▸ **PROVIDED MATERIAL**
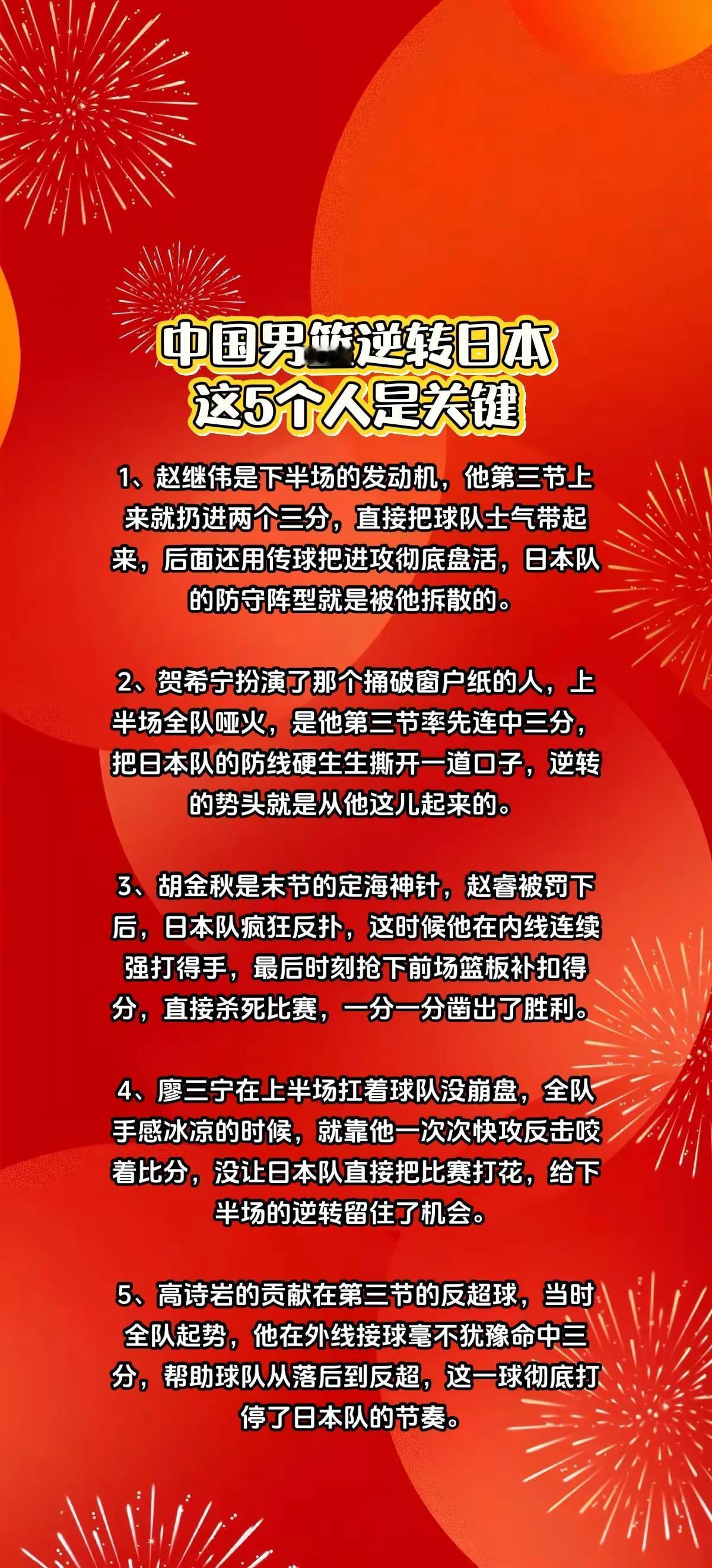 中国男篮逆转日本,这5个人是绝对的关键。中国男篮
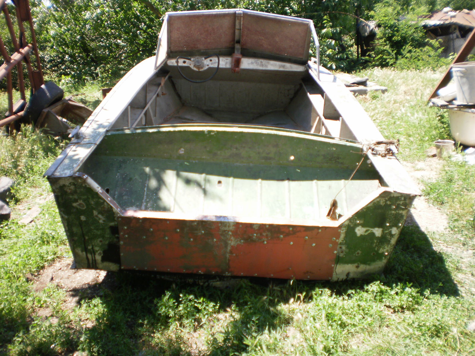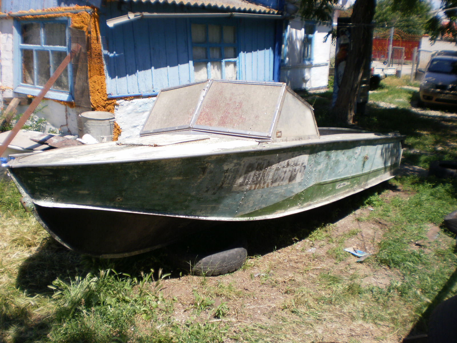 Корпус тонул?(нет?, а чего стекла такие, пролили герметик внутри?) Латка на транце. Транец если, я не ошибаюсь вытяжными клепаный (видно "дюрочки")! Давай больше фото..
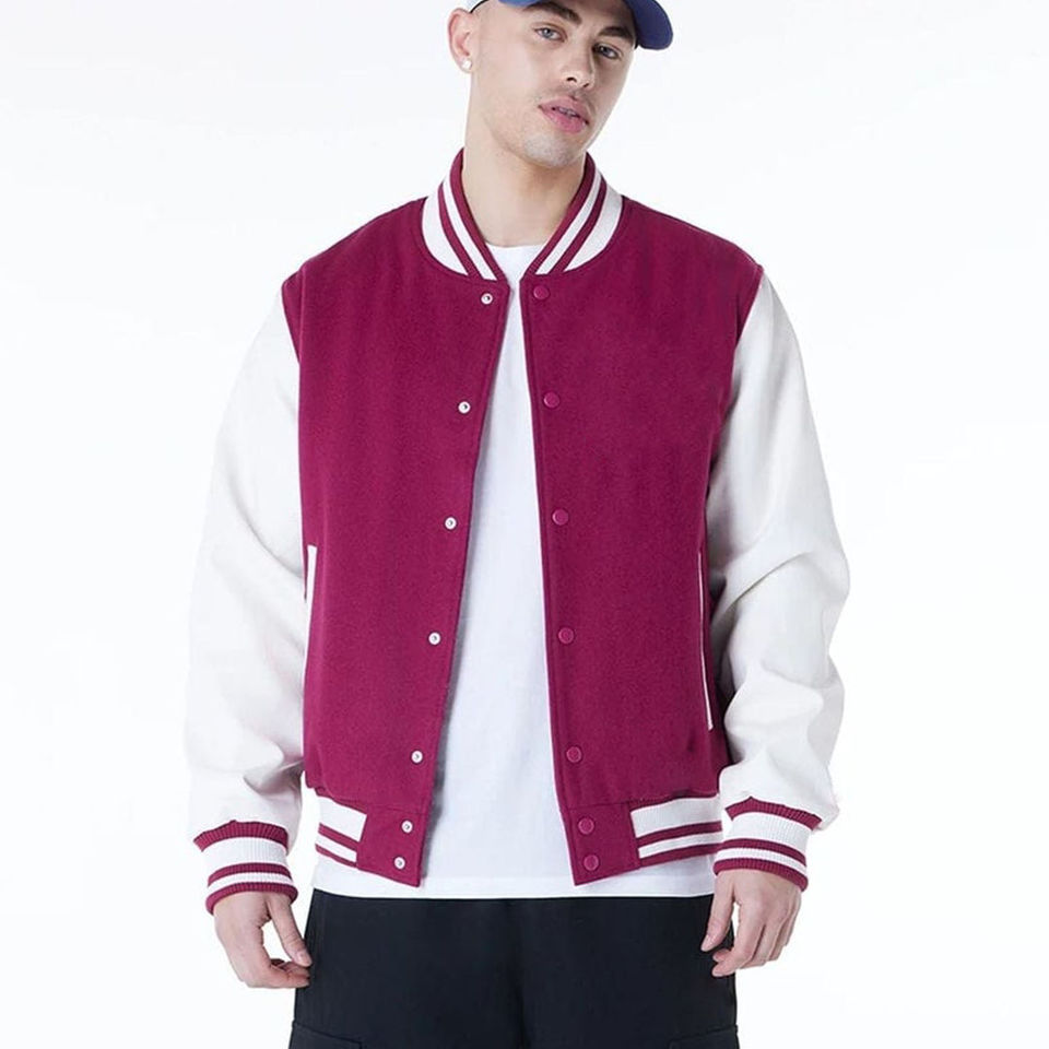 Veste universitaire rose choquant surdimensionnée avec fermeture à boutons et poche intérieure pour hommes, veste de baseball de collège, veste bomber
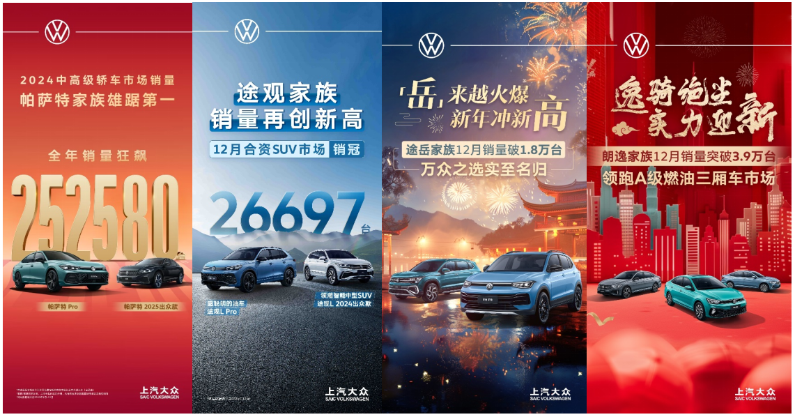 明星居品途不雅L Pro、帕萨特Pro智能化迭代升级,跑出销量“加快度”。帕萨特家眷12月销量超3.2万辆,全年交出超25万辆的年终答卷,在中高等轿车阛阓独占鳌头;途不雅家眷12月销量再改进高,突破2.6万辆,担当结伙SUV阛阓销冠。

▸ **TASK TO CARRY OUT**
Transcribe the listing in full. Leave the pictures out.

▸ **SOLUTION TO THE EXERCISE**
 中国男篮逆转日本,这5个人是绝对的关键。中国男篮
 Корпус тонул?(нет?, а чего стекла такие, пролили герметик внутри?) Латка на транце. Транец если, я не ошибаюсь вытяжными клепаный (видно "дюрочки")! Давай больше фото..
 Veste universitaire rose choquant surdimensionnée avec fermeture à boutons et poche intérieure pour hommes, veste de baseball de collège, veste bomber
 明星居品途不雅L Pro、帕萨特Pro智能化迭代升级,跑出销量“加快度”。帕萨特家眷12月销量超3.2万辆,全年交出超25万辆的年终答卷,在中高等轿车阛阓独占鳌头;途不雅家眷12月销量再改进高,突破2.6万辆,担当结伙SUV阛阓销冠。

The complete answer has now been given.